The People We Hate at the Wedding

He walks over to a credenza (cherry, midcentury modern—these things matter) on the far side of the room and flips through a set of hanging file folders. They’re color-coded and labeled with obvious, one-word titles: GRADES, COMMITTEES, PAUL. He’s not looking for anything in particular so much as he’s appreciating the organizational system that he’s created. The clean, sharp edges of papers clipped together. The absence of Post-it notes and frantically written to-do lists. Meandering through the department’s halls, he’ll often find himself becoming mildly disgusted as he pays visits to his messier colleagues. The towering stacks of loose-leaf paper, threatening to topple over if anyone should dare open a window. Books left open on desks, their pages gaping like the ribs of some pathetic dismembered corpse. On two separate occasions, a sleeping bag, stuffed behind a plant with brown and brittle leaves. It’s like they’re trying to patch together nests, Mark thinks. A shitty tangle of twigs and trash. He’d seen something similar last February, on the fire escape outside the bedroom he shares with Paul. A pair of starlings had built it over the course of four industrious days. On the fifth day, Mark knocked it down. The squawking had turned unbearable.

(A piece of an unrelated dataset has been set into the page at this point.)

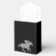Las cajas de favores de fiesta estilo tienda de campaña presentan un caballo de carreras con purpurina plateada falsa sobre negro y rayas negras y blancas en la parte superior. ¡Cambia los colores de fondo a cualquier cosa! Ideal para fiesta de Derby, ducha de novia de Derby, fiesta de cumpleaños, fiesta de jubilación y más. Artículos COINCIDENTES en nuestra colección.
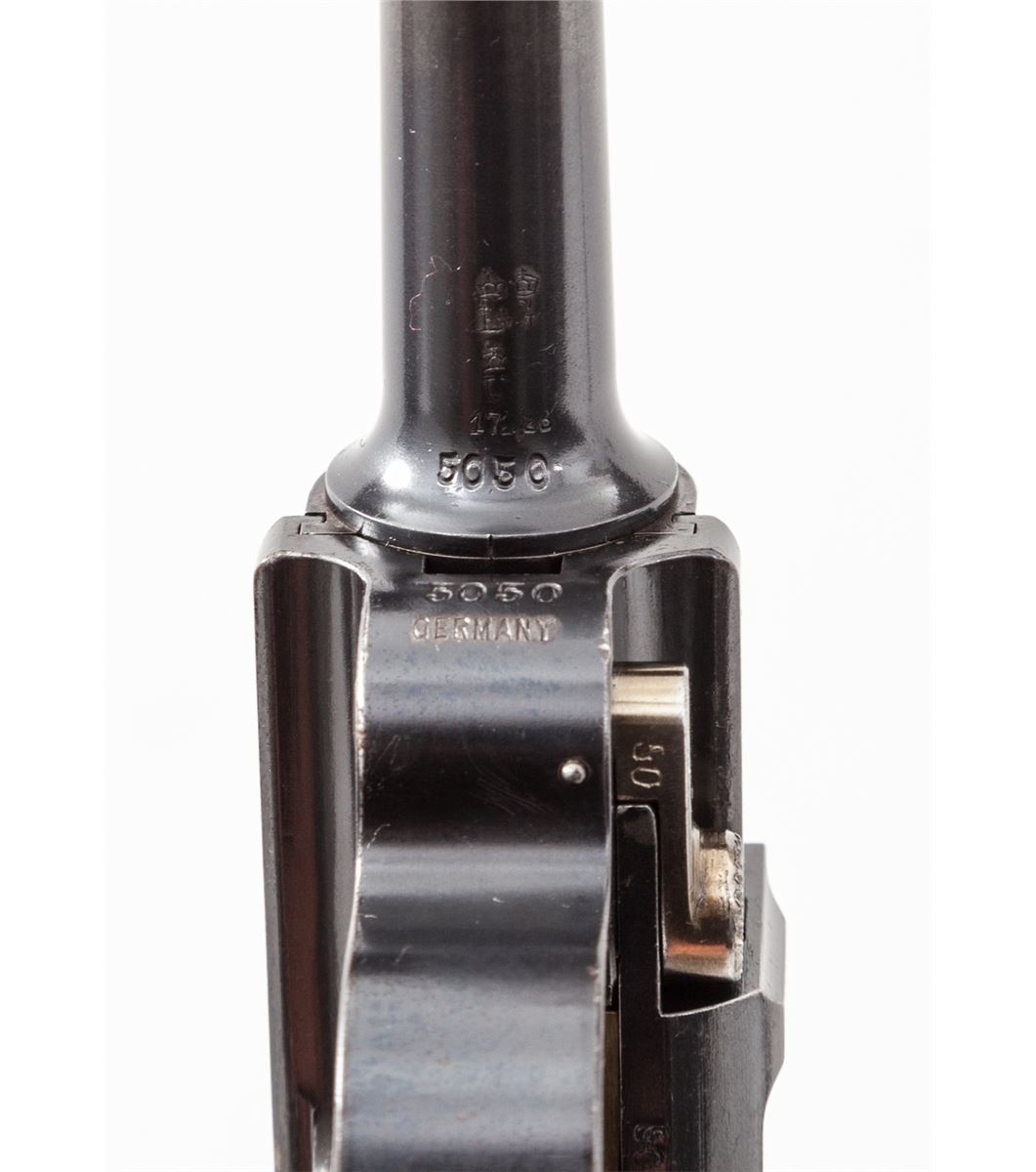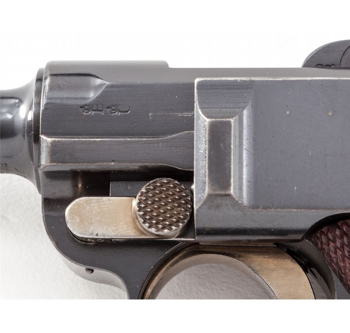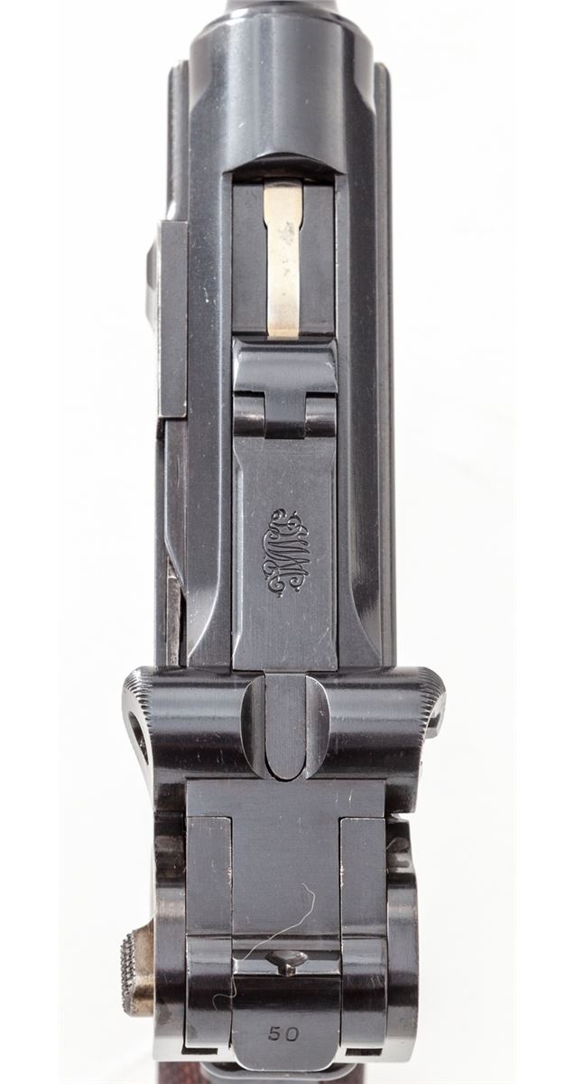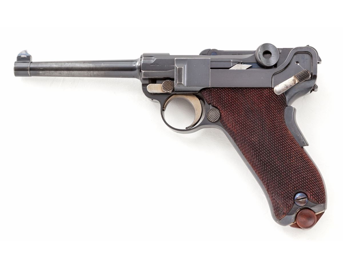 Scarce Early Model 1900 Commercial Luger, #5050, .30 Luger cal., 4-3/4'' barrel, blue with straw small parts, factory checkered walnut grips, with early checkered thumb safety, unmarked chamber, DWM marked slide toggle, and ''Germany'' stamped thru the finish just below the serial number at front of frame; grip safety, lower portion of safety area polished bright, no stock lug, fire blued grip screws, with one correct unmarked walnut based nickel-plated magazine. Condition is excellent retaining approx. 96%+ original blue with light thinning to barrel and minor wear to straw small parts, a little more prevalent to thumb safety. High edges of fire blued grip screws have toned somewhat. Early action with scalloped toggle knobs moves smoothly, bore is mirror bright. Est.: $3,000-$5,000. (C&R)

Light spills onto the grass in front of College Hall, where two girls and a shirtless boy lounge with their arms propped up on the feet of a Benjamin Franklin statue. Typically, on a day like today, the lawn would be rammed with undergrads, and Mark would be driven to near paralysis over the options of chests to admire, of abdominal muscles to count. But it’s July. The middle of summer term. The only students on campus are slackers with beer guts who failed a class last fall, or pasty strivers who’ve never set foot in a gym. Maybe the rare refugee who can’t bear the thought of four months back in the suburbs. Point being: the options are not what they should be.

A knock startles him.

“Professor Gordon?”

Amanda Lyons doesn’t wait for Mark to open the door—she knocks and comes right in. They all do.

Mark checks his watch: eleven thirty.

“You said you were available to meet now?”

She holds her iPhone up—evidence to justify her presence—and Mark sees the e-mail that he sent twenty minutes ago.

“Of course.” He smiles and motions to a chair on the other side of his desk. “Take a seat.”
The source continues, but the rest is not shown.